I wonder how many of us have created our most meaningful works from a place of heartbreak or loss or uncertainty.
I know for myself that my photography took a dramatic turn as I faced down the devastating effects of my mother’s dementia and the depression that threatened to consume my son.
I’ve followed the work of Brandon Thibodeaux for years, and I understand the place from which he began the work for his newly released book, In That Land of Perfect Day.
From the Washington Post article – Finding Race and Compassion in the Mississippi Delta, by writer Marisa Schwartz Taylor:
Thibodeaux had just come out of an eight-year relationship that ended with a lost pregnancy. “I was heartbroken and lost,” he said. “I did what I’ve always done as a cancer survivor and curious photographer, I turned to strangers to find the answers.”

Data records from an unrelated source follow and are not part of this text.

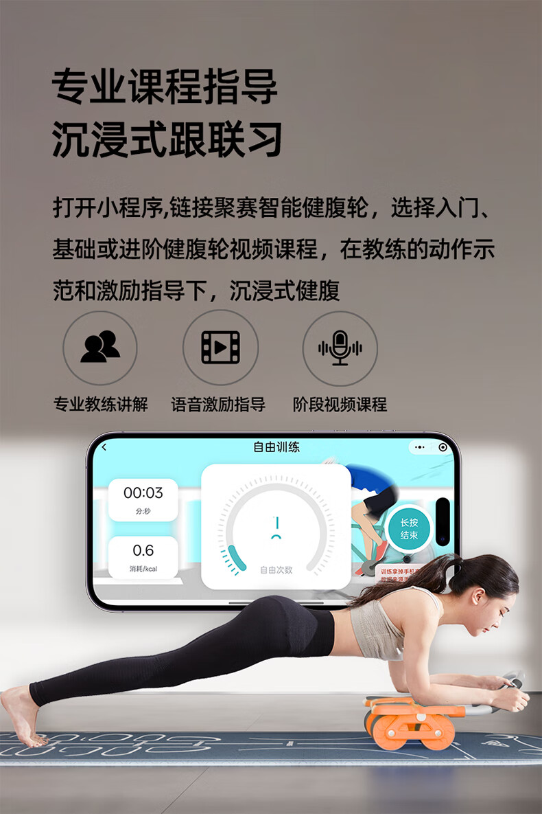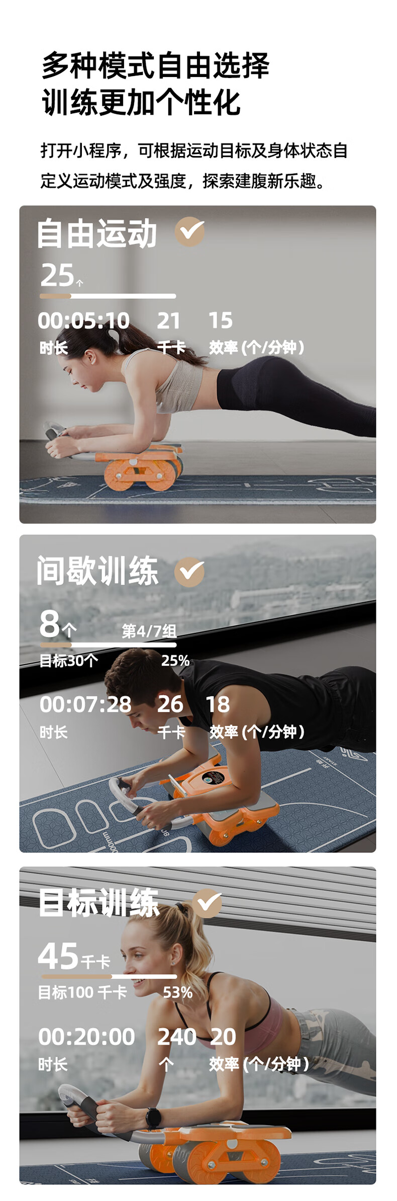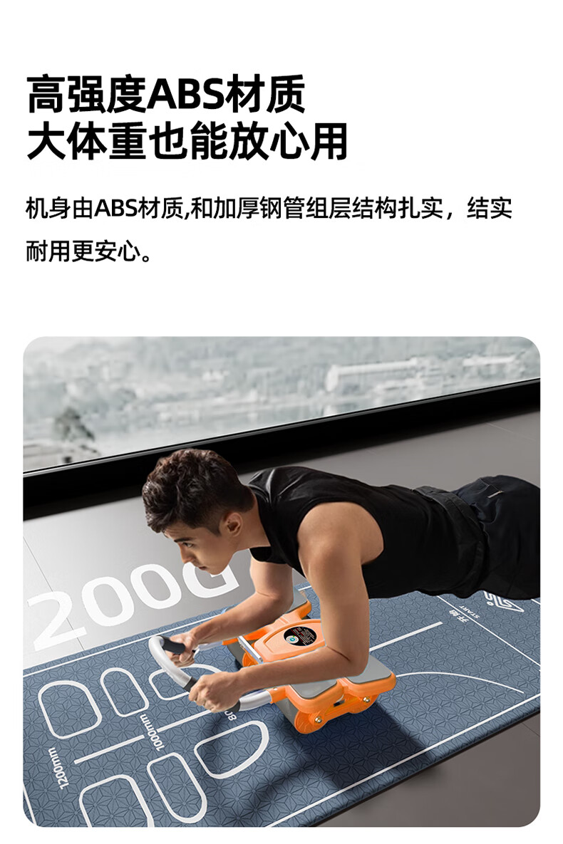 Jusai Four-Wheel Abdominal Wheel Automatic Rebound Home Elbow Support Tablet Exercise Abdominal Muscle Wheel Belt Auxiliary Men's and Women's Fitness Equipment Abdominal Crunches Set Four-Wheel Smart Model-Orange Special Pad for Abdominal Strength + Thickened Kneeling Pad
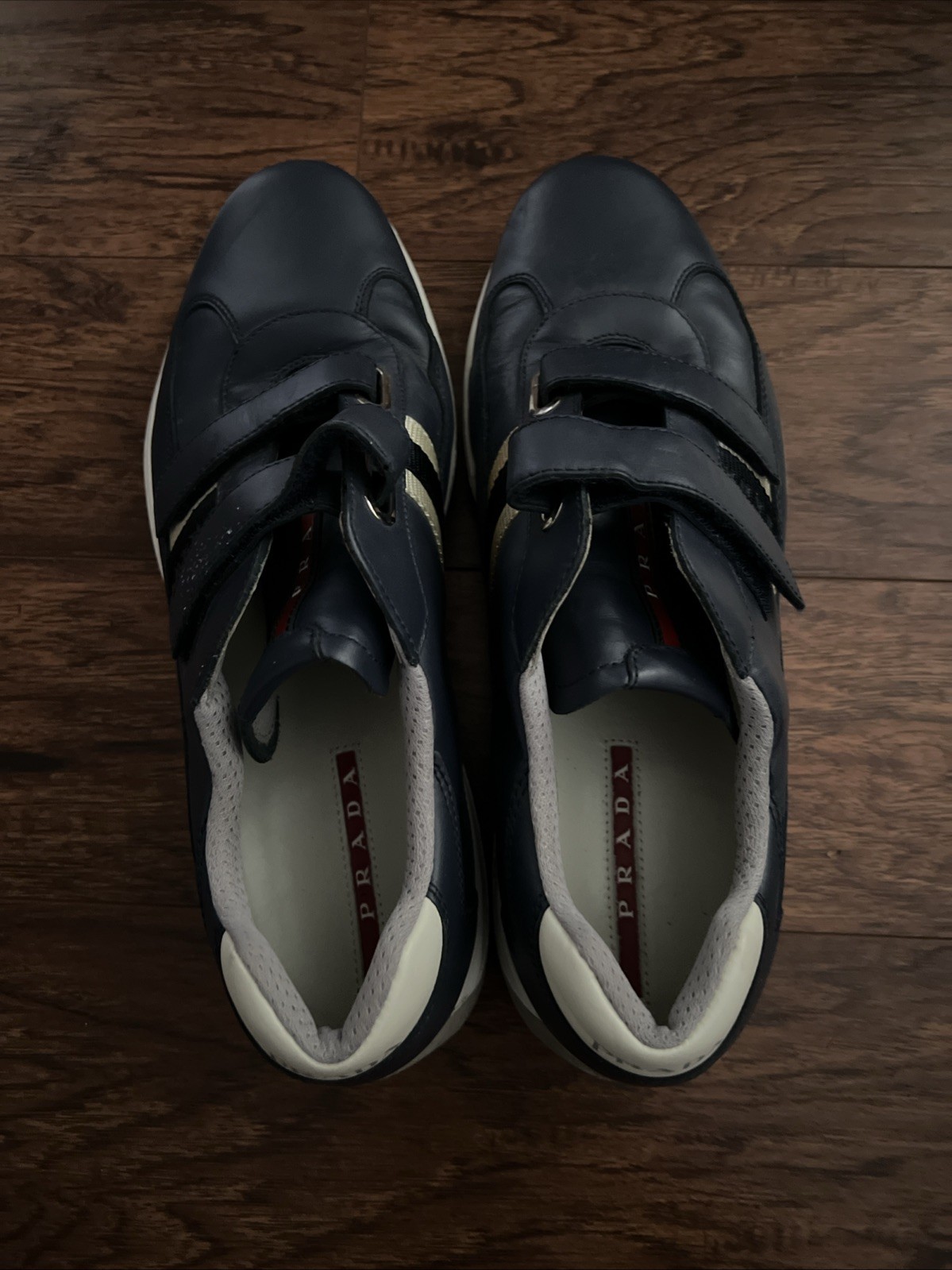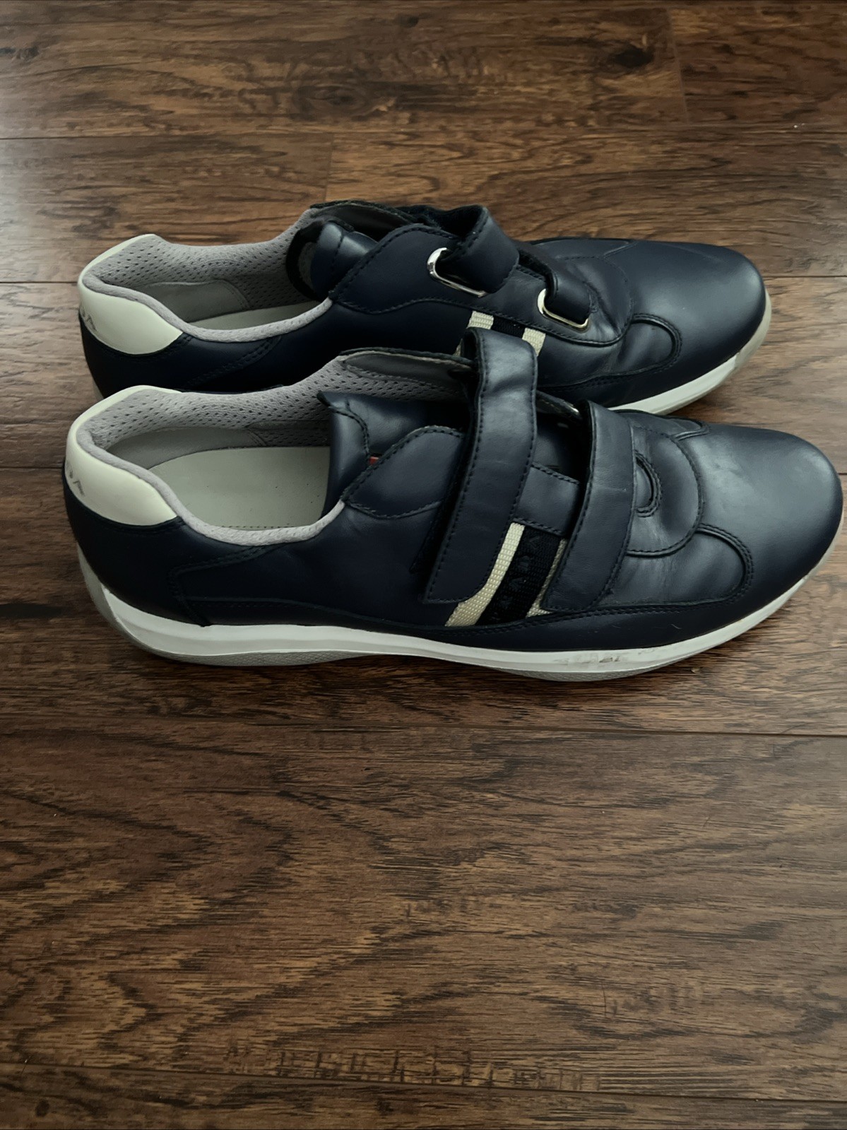 The PRADA Men's Blue Leather Sneaker in size 9 (UK) or 10 (US) is a stylish and comfortable option for casual wear. Made with high-quality leather, these sneakers feature a solid blue color with a leather lining and outsole. With a strap closure, leather upper and insole, and a standard shoe width, these sneakers are designed for all-day comfort and are perfect for the summer, fall, and spring seasons. The Italian craftsmanship and iconic PRADA branding make these sneakers a luxurious and versatile addition to any man's wardrobe.
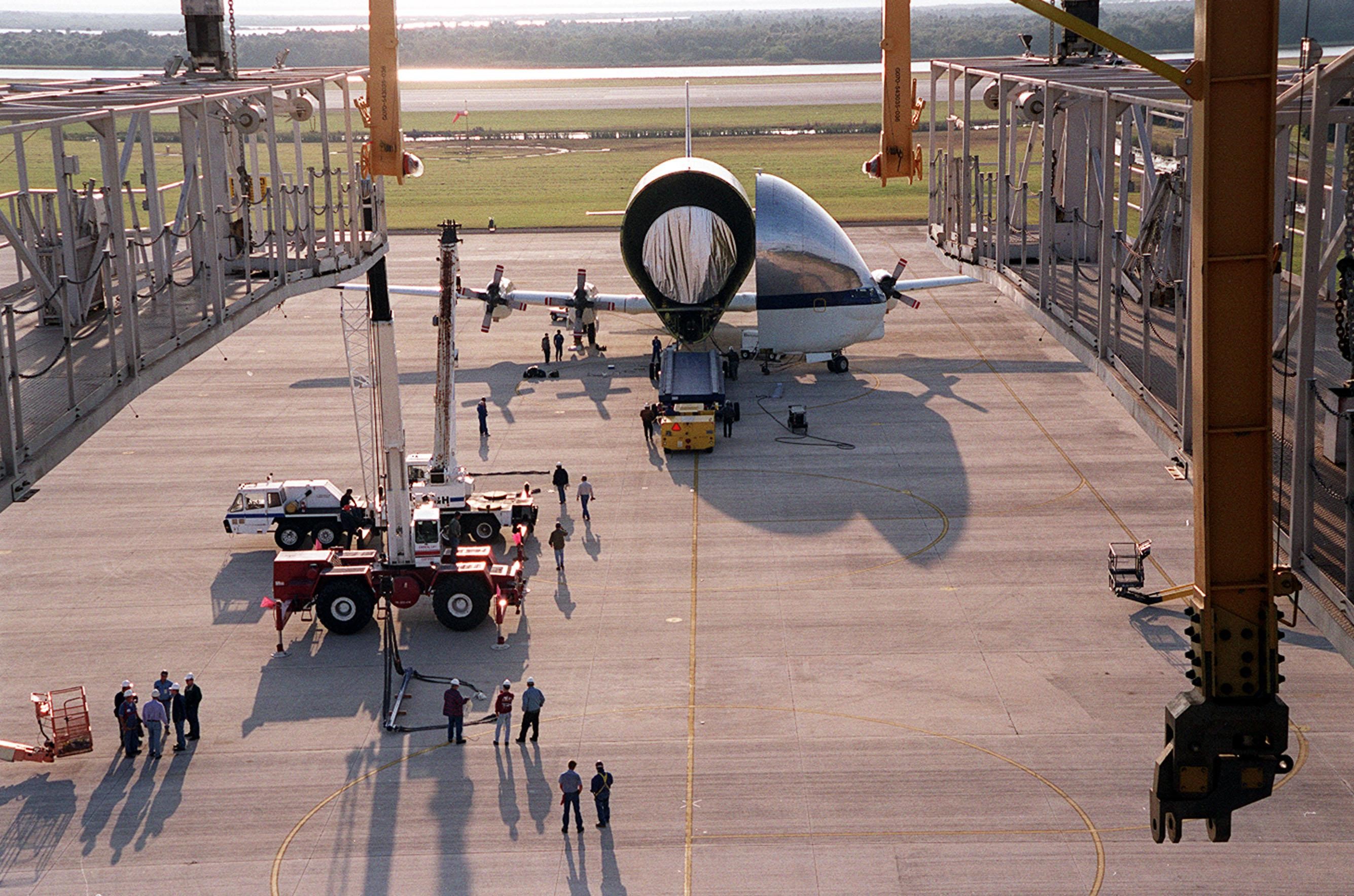 On the parking apron of the KSC Shuttle Landing Facility, near the Mate/Demate device (seen in the foreground), the opened nose of the Super Guppy aircraft reveals its cargo, the Integrated Truss Structure S3. It was built by The Boeing Co. After offloading, the S3 will be transported to the Operations and Checkout Building. The second starboard truss segment of the International Space Station, the S3 truss is scheduled to be added to the Station in April 2003
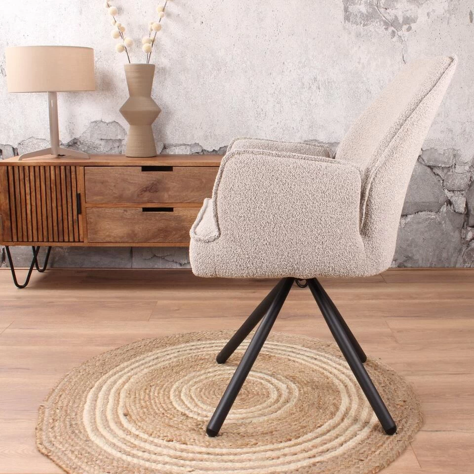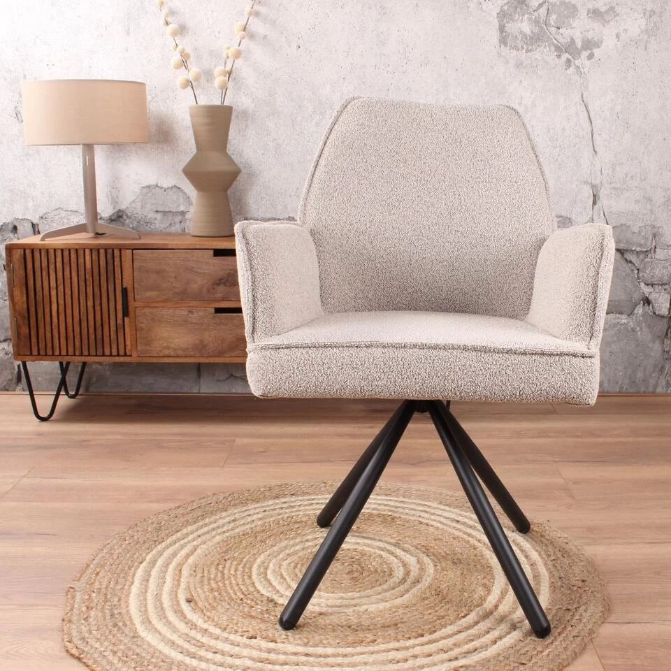 Stijlvol, comfortabel en stoer! Dat zijn de kenmerken van Lucio. Het bijzondere van deze eetkamerstoel is dat hij draaibaar is. De zitting van deze stoel is bekleed met een mooie boucle stof. Daarnaast is de rugleuning voorzien van een sierlijk ruitpatroon. Het onderstel van deze armstoel bestaat uit vier zwarte poten vanuit het midden. Deze poot is erg stevig. Tussen het onderstel en de zitting zit de draaischijf waarmee de stoel makkelijk draait. Om deze stoel extra comfort te geven is hij uitgevoerd met armleuningen. Deze stoel komt perfect tot zijn recht in een industrieel, modern, landelijk of vintage interieur. Lucio is verkrijgbaar in drie populaire kleuren boucle: wit, beige en grijs. Daarnaast is hij verkrijgbaar met een velvet bekleding.

“My goal for this work is to allow the humanity of the region, the stories of triumph both small and large, to rise to the surface in hopes of fostering a better understanding of its racial identity,” he said.
“As long as there’s been race, there has been racism,” Thibodeaux said. “It didn’t start with us, and it certainly won’t end with us. But finding common ground through a shared human experience can help solve this pervasive and long-lasting cancer, and this is done one heart at a time.”
I don’t know how, or if, my photographs will change the world.
I only know that each of us must try to find a place where even broken things are whole.